_Data under study_.
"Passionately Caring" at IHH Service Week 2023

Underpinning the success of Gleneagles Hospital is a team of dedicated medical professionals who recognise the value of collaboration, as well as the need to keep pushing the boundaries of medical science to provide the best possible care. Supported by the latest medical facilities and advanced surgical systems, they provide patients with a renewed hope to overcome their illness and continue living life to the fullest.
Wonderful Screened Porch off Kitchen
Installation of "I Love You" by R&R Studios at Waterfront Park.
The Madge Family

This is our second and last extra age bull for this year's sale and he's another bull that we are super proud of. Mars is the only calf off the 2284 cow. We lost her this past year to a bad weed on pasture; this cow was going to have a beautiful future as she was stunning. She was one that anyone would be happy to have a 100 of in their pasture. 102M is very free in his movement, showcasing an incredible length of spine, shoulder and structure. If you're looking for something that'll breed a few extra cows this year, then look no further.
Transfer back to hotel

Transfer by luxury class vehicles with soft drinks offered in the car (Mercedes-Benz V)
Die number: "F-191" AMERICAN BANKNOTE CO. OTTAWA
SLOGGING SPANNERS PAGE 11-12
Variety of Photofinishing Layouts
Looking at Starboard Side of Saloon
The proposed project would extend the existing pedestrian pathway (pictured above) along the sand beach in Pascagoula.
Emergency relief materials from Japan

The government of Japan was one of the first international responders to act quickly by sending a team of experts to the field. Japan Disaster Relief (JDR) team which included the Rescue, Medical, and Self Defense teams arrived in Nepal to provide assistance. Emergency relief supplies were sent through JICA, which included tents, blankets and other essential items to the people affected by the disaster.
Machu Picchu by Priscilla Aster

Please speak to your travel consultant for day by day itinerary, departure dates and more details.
---
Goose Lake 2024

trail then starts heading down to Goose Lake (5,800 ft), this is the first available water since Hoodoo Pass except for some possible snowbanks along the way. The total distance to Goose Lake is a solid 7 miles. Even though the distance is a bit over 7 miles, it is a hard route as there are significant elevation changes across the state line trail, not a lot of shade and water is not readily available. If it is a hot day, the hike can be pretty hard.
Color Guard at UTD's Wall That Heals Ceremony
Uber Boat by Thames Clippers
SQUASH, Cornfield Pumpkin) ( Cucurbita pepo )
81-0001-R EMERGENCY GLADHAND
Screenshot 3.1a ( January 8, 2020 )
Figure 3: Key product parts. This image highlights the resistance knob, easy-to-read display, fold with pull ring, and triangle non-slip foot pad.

_Activity_. Could you reproduce, exactly, every line above from the line with "Emergency relief materials from Japan" to the line with "Please speak to", and no other line? Both ends count.

_Result below_.
Emergency relief materials from Japan

The government of Japan was one of the first international responders to act quickly by sending a team of experts to the field. Japan Disaster Relief (JDR) team which included the Rescue, Medical, and Self Defense teams arrived in Nepal to provide assistance. Emergency relief supplies were sent through JICA, which included tents, blankets and other essential items to the people affected by the disaster.
Machu Picchu by Priscilla Aster

Please speak to your travel consultant for day by day itinerary, departure dates and more details.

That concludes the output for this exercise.